# Expectations of 4 inch Rotary Table?



## epanzella (Dec 17, 2019)

I bought a 4 inch rotary table some years ago to try and use with my lathe milling attacment. Now that I have a mill I realized that a 4 inch table is just too small for my needs. I made some Teeny Teenutz and attached a 6 x 3/4" inch round plate to my RT.  When trying to machine the OD of the plate using the rotary table itself I get chatter and the endplay keeps increasing. Adjusting the end play back to spec only lasts a few seconds until the end play increases again.  I tried climb and conventional milling. It seems there's only some setscrews to hold the end play. I'm posting a pic of my setup. Part of the OD was turned in the lathe but I'm trying to do the rest with the mill. Is this table a piece of junk or am I just asking  too much of it ?


----------



## francist (Dec 18, 2019)

I’m thinking a little bit of both. I recently bought an even smaller RT at 3” diameter and the first thing I did was take it completely apart right down to the casting. Then, piece by piece, reassembled it taking pains to get as good a fit as I could manage in each component. For some pieces I made new parts to get the fit I wanted. When I did get it all back together my lash was maybe one or two increments on the dial compared to almost a quarter of a rotation when I first got it.

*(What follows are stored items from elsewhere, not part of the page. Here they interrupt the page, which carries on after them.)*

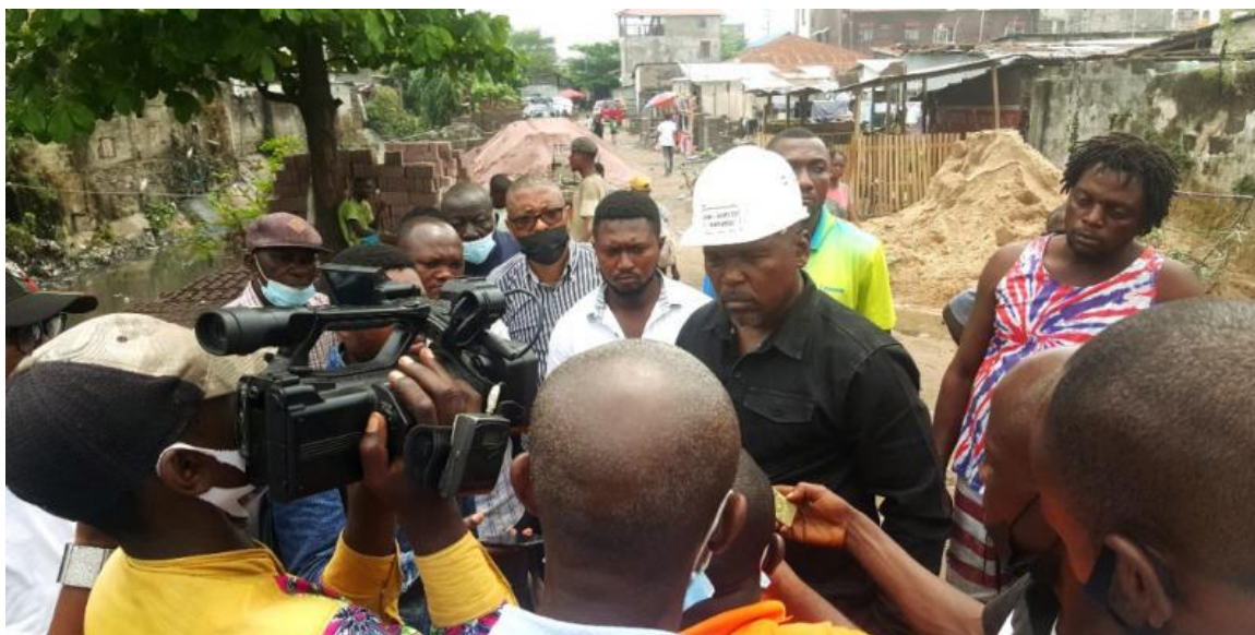
Picture 5: Press Briefing by Guillaume Ilunga, Mayor of Barumbu – DR Congo

For this year, the priorities of the municipality of Barumbu were related to the Hygiene component and have been taken into account. In terms of achievements, four (4) public toilets have been set up, of which three (3) are still under construction and one is already operational. The rate of completion of the works is thus 55%, the cleaning of the rivers not having yet been taken into account.
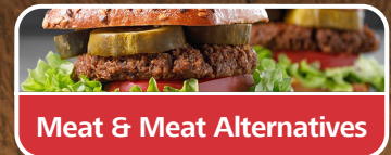
Meat & Meat Alternatives
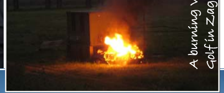
A burning VW Golf in Zagreb

The second question, are you asking too much of it? Maybe so. It’s all fine and well to add a larger clamping table (I did for a recent project) but keep in mind that the size of that new table is going to load all the inner workings much more than the original table. So milling around the perimeter of a six inch disc using a four inch table as the driving foundation is putting a lot more load on the gears, locking devices, etc than what it was designed for. Kind of like putting a three foot cheater on a 3/8” drive ratchet, something will give.

My rotary table didn’t start out great and it still isn’t the best, but it is an order of magnitude better than when I bought it because of the rebuild. You may find similar success if you have the time in your project to do that. I suspect you are correct in the long run though, a 4” is just a shade too small for what you’re wanting to do with it.

Good luck!

-frank


----------



## Bob Korves (Dec 18, 2019)

Make sure that the rotary table is locked down for any cuts that do not require turning the table.  Even then, it will help to have the table lock tight enough that it gives some drag against the table bouncing back and forth in the backlash.  The rule for all machining is to have everything locked down except for what needs to move to make the cut.  Especially with lighter machines and tooling, this is an important technique to have engraved in your brain, and a habit in your hands.


----------



## homebrewed (Dec 18, 2019)

It looks like your particular RT also can tilt.  I see a scale in the lower left quadrant of your second photo which suggests that.  Like swivel-base vises, that scheme probably isn't as rigid as a fixed-base setup.  Not sure if you can remove that part of the RT and still clamp it to your mill table though.


----------



## epanzella (Dec 18, 2019)

I had my x,y, and z axis' all locked. I had the RT table lock dragging. I had the tilt locked. I can remove the tilt base and put the RT in my mill vice. All the movement I saw was in the table turning back and forth with the cutter with the back lash continually getting bigger. I'll finish this disc off in the lathe and hopefully smaller parts will mill OK when they're more into the design envelope of this table. Thx for the responses.
Ed P


----------



## Bob Korves (Dec 18, 2019)

It may be possible to adjust the gear attached to the handle shaft in and out to adjust the backlash, usually using shims.


----------



## epanzella (Dec 18, 2019)

Bob Korves said:


> It may be possible to adjust the gear attached to the handle shaft in and out to adjust the backlash, usually using shims.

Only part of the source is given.